Стихали голоса во дворе, прохладнее становилось; за генералом Смирновым «Волга» приехала, мягко в арку вкатилась, — генерал, оставив компанию доминошников, степенно прошел к машине, на какую-то торжественную встречу, вероятно, его увозили; он не слышал или не хотел слышать, как Парамоныч Три Рубля, переживая, сказал вслух:
— Целковый бы нам хоть оставил!
— Совесть, Парамоныч, имей, — громко обрезал племянник дворника Хакима, пожарный. — Он столько пенсии не получает, сколько ты трояков да пятерок по квартирам сшибаешь… Здрасьте, с вас за починку три рубля!
За столом злорадно засмеялись.
А из клуба железнодорожников приглушенно, не как раньше, но все же с веселой зазывностью разносилась по кварталу легкая музыка. И Бабушкин, томясь безотчетным желанием кого-нибудь еще увидеть, с кем-то поговорить, прошел под арку — и шум и яркий свет оживленной по-воскресному городской улицы…
IV
По другую сторону дома, парадную, откуда сотня его освещенных окон глазасто смотрела на бульвар, у телефонной будки, на выходе из арки, табунились здешние юнцы — непонятный Бабушкину, вызывающий любопытство народец. Шестнадцати-восемнадцатилетние, были они длинноволосы, будто в попы готовились, у иных гривы выкрашены в рыжий цвет, с медальонами на груди, в расклешенных брюках, с мяукающим и повизгивающим переносным магнитофоном, — очень самоуверенные, нагловатые ребятишки! «Американцы какие-то, — осуждающе усмехнулся Бабушкин, — лишь матерщина у них русская, отечественного происхождения, по слюнявым губам бы их за это…»

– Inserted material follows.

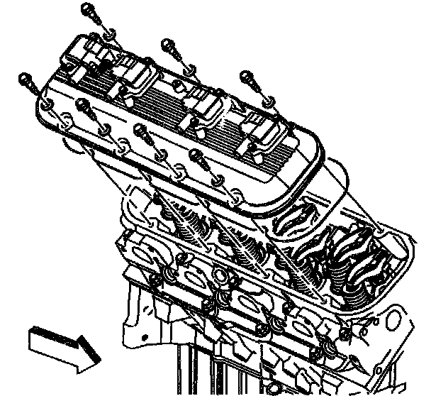 8. Remove the valve rocker arm cover bolts.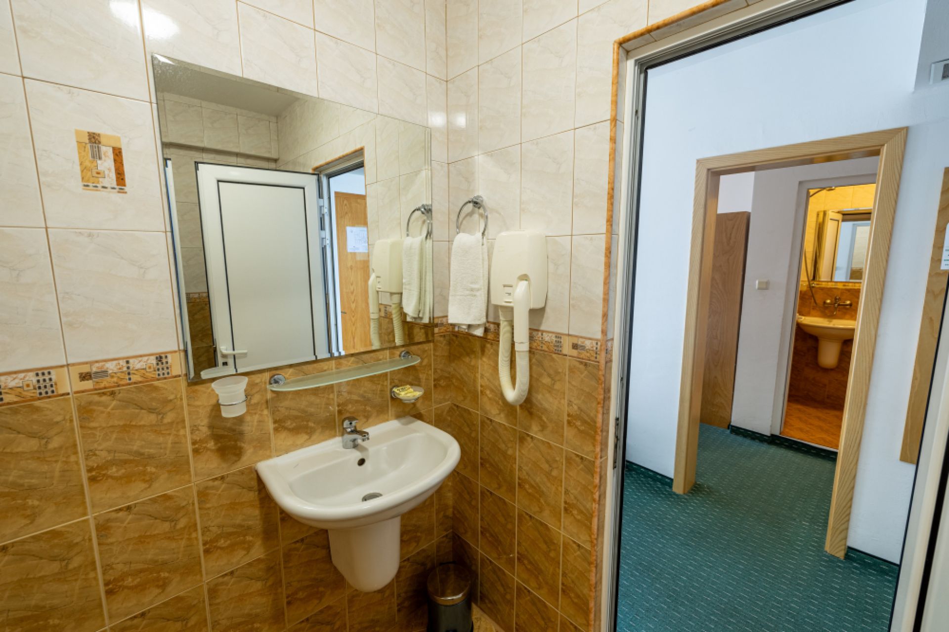 Баня: Собствен санитарен възел с душ или вана и сешоар.

Юнцы преградили дорогу Верочке, которая живет в 53-й квартире и с которой Бабушкин здоровается по утрам с удовольствием и ощущением праздника на душе: такая Верочка молоденькая, чистенькая, скромная, симпатичная, славно, весело постукивает она туфельками по ступеням лестницы… И сейчас Бабушкин приостановился, решив, что, если пижоны будут хамить, он защитит Верочку. Однако Верочка посмеялась с ребятами, одного даже ладошкой в грудь толкнула, сказала: «А ну вас!..» — и побежала домой. Бабушкин тоже пошел себе — бездумно, мимо молодых кленов и лип.
«Пусть, — успокаивал он себя, — я Петуху выдам программу, что упустил — достигну, я из него нормального человека сделаю…» С грустью пожалел, что ни у него, ни у Нины не живы родители: к старикам бы Петьку — на лето хоть! Старые люди учат добру, они в свои преклонные годы хотят, чтобы все вокруг было таким же простым, ласковым и прекрасным, как мягкая трава, высокое небо, теплая земля… У них же близкое расставанье с травой, небом, теплой землей — они оставляют все это Петьке, всяким прочим Петькам, чтобы те, когда настанет неизбежный черед, спокойно и по-доброму передали непрерывающееся дыхание вечной жизни другим… «Ведь вот как живем, — порадовался Бабушкин, не находя точных слов (Да в них и нужды не было), чтобы выразить свое мимолетное состояние. — Живем, живем…»
— Бабушкин, — позвал хрипловатый мужской голос, и, отделившись от общей массы прохожих, шагнул к нему Зыбкин — человек из их автоколонны.
— Гуляешь, Бабушкин?
Зыбкин в шуршащем синем прорезиненном плаще, в кожаной фуражке на бритой голове, при галстуке, с седоватой щеточкой усов над толстой губой. Спрашивает Зыбкин с интересом:
— Никак успел уже, а. Бабушкин?
— Не пил…
— А вечер-то какой, я к тому…
— Против вечера не скажешь.
— Вечер такой, Бабушкин, что жить хочется… Творить, созидать! Вот у меня какой настрой, Бабушкин… Я не задерживаю?
— Ничего… у меня тоже…
— Что «тоже»?
— Ну… это самое… жить, творить. Я шел и думал про это.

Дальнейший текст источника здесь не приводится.